[EXERCISE INSTRUCTIONS] Your task is to copy all of the data exactly.

[DATA EXTRACTS]
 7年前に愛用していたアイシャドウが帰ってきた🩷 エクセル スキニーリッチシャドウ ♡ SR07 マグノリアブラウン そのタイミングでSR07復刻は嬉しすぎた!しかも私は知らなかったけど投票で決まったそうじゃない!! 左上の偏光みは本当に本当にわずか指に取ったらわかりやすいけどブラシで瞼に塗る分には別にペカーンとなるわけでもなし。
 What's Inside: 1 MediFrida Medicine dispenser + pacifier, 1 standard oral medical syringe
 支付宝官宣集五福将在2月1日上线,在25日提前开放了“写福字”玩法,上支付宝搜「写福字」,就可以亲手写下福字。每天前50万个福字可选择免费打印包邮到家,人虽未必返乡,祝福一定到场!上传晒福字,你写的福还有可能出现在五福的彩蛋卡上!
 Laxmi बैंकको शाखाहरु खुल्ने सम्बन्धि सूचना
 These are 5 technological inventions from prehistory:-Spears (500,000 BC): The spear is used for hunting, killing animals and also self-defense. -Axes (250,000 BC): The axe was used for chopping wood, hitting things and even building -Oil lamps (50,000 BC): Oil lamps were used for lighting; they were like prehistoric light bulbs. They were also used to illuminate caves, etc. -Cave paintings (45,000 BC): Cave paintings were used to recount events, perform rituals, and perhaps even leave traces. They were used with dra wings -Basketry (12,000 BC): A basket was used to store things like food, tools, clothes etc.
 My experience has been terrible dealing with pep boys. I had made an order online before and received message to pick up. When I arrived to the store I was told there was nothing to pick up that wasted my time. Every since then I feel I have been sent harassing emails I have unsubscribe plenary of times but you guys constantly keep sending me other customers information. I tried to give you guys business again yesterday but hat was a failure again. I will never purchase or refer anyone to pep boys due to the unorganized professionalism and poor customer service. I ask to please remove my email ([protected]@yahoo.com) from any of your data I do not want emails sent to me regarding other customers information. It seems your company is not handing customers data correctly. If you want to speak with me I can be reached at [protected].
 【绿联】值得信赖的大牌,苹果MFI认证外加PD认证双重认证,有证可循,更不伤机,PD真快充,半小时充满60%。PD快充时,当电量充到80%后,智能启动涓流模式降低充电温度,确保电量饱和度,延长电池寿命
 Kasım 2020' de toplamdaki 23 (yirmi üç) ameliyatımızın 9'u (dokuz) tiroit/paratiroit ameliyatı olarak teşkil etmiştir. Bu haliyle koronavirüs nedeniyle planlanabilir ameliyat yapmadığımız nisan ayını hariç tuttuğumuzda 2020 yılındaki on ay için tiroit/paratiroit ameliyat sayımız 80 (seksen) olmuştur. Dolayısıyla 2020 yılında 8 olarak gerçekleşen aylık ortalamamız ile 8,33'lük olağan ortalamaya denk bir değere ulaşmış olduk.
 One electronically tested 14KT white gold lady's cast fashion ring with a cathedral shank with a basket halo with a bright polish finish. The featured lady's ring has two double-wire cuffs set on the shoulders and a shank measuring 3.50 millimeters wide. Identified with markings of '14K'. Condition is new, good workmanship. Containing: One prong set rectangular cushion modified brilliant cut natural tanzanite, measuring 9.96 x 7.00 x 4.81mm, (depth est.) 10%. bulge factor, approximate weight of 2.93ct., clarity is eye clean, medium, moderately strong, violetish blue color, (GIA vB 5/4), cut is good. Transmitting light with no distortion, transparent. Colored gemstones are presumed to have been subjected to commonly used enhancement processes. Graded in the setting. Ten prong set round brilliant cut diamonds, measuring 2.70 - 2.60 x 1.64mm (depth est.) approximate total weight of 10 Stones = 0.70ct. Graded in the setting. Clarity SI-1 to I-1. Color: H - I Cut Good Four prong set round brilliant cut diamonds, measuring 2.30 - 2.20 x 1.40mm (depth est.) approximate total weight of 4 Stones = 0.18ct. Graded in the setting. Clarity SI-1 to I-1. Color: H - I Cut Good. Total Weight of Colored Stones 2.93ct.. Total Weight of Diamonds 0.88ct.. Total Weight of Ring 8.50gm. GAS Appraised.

[SOLUTION TO THE EXERCISE]
 7年前に愛用していたアイシャドウが帰ってきた🩷 エクセル スキニーリッチシャドウ ♡ SR07 マグノリアブラウン そのタイミングでSR07復刻は嬉しすぎた!しかも私は知らなかったけど投票で決まったそうじゃない!! 左上の偏光みは本当に本当にわずか指に取ったらわかりやすいけどブラシで瞼に塗る分には別にペカーンとなるわけでもなし。
 What's Inside: 1 MediFrida Medicine dispenser + pacifier, 1 standard oral medical syringe
 支付宝官宣集五福将在2月1日上线,在25日提前开放了“写福字”玩法,上支付宝搜「写福字」,就可以亲手写下福字。每天前50万个福字可选择免费打印包邮到家,人虽未必返乡,祝福一定到场!上传晒福字,你写的福还有可能出现在五福的彩蛋卡上!
 Laxmi बैंकको शाखाहरु खुल्ने सम्बन्धि सूचना
 These are 5 technological inventions from prehistory:-Spears (500,000 BC): The spear is used for hunting, killing animals and also self-defense. -Axes (250,000 BC): The axe was used for chopping wood, hitting things and even building -Oil lamps (50,000 BC): Oil lamps were used for lighting; they were like prehistoric light bulbs. They were also used to illuminate caves, etc. -Cave paintings (45,000 BC): Cave paintings were used to recount events, perform rituals, and perhaps even leave traces. They were used with dra wings -Basketry (12,000 BC): A basket was used to store things like food, tools, clothes etc.
 My experience has been terrible dealing with pep boys. I had made an order online before and received message to pick up. When I arrived to the store I was told there was nothing to pick up that wasted my time. Every since then I feel I have been sent harassing emails I have unsubscribe plenary of times but you guys constantly keep sending me other customers information. I tried to give you guys business again yesterday but hat was a failure again. I will never purchase or refer anyone to pep boys due to the unorganized professionalism and poor customer service. I ask to please remove my email ([protected]@yahoo.com) from any of your data I do not want emails sent to me regarding other customers information. It seems your company is not handing customers data correctly. If you want to speak with me I can be reached at [protected].
 【绿联】值得信赖的大牌,苹果MFI认证外加PD认证双重认证,有证可循,更不伤机,PD真快充,半小时充满60%。PD快充时,当电量充到80%后,智能启动涓流模式降低充电温度,确保电量饱和度,延长电池寿命
 Kasım 2020' de toplamdaki 23 (yirmi üç) ameliyatımızın 9'u (dokuz) tiroit/paratiroit ameliyatı olarak teşkil etmiştir. Bu haliyle koronavirüs nedeniyle planlanabilir ameliyat yapmadığımız nisan ayını hariç tuttuğumuzda 2020 yılındaki on ay için tiroit/paratiroit ameliyat sayımız 80 (seksen) olmuştur. Dolayısıyla 2020 yılında 8 olarak gerçekleşen aylık ortalamamız ile 8,33'lük olağan ortalamaya denk bir değere ulaşmış olduk.
 One electronically tested 14KT white gold lady's cast fashion ring with a cathedral shank with a basket halo with a bright polish finish. The featured lady's ring has two double-wire cuffs set on the shoulders and a shank measuring 3.50 millimeters wide. Identified with markings of '14K'. Condition is new, good workmanship. Containing: One prong set rectangular cushion modified brilliant cut natural tanzanite, measuring 9.96 x 7.00 x 4.81mm, (depth est.) 10%. bulge factor, approximate weight of 2.93ct., clarity is eye clean, medium, moderately strong, violetish blue color, (GIA vB 5/4), cut is good. Transmitting light with no distortion, transparent. Colored gemstones are presumed to have been subjected to commonly used enhancement processes. Graded in the setting. Ten prong set round brilliant cut diamonds, measuring 2.70 - 2.60 x 1.64mm (depth est.) approximate total weight of 10 Stones = 0.70ct. Graded in the setting. Clarity SI-1 to I-1. Color: H - I Cut Good Four prong set round brilliant cut diamonds, measuring 2.30 - 2.20 x 1.40mm (depth est.) approximate total weight of 4 Stones = 0.18ct. Graded in the setting. Clarity SI-1 to I-1. Color: H - I Cut Good. Total Weight of Colored Stones 2.93ct.. Total Weight of Diamonds 0.88ct.. Total Weight of Ring 8.50gm. GAS Appraised.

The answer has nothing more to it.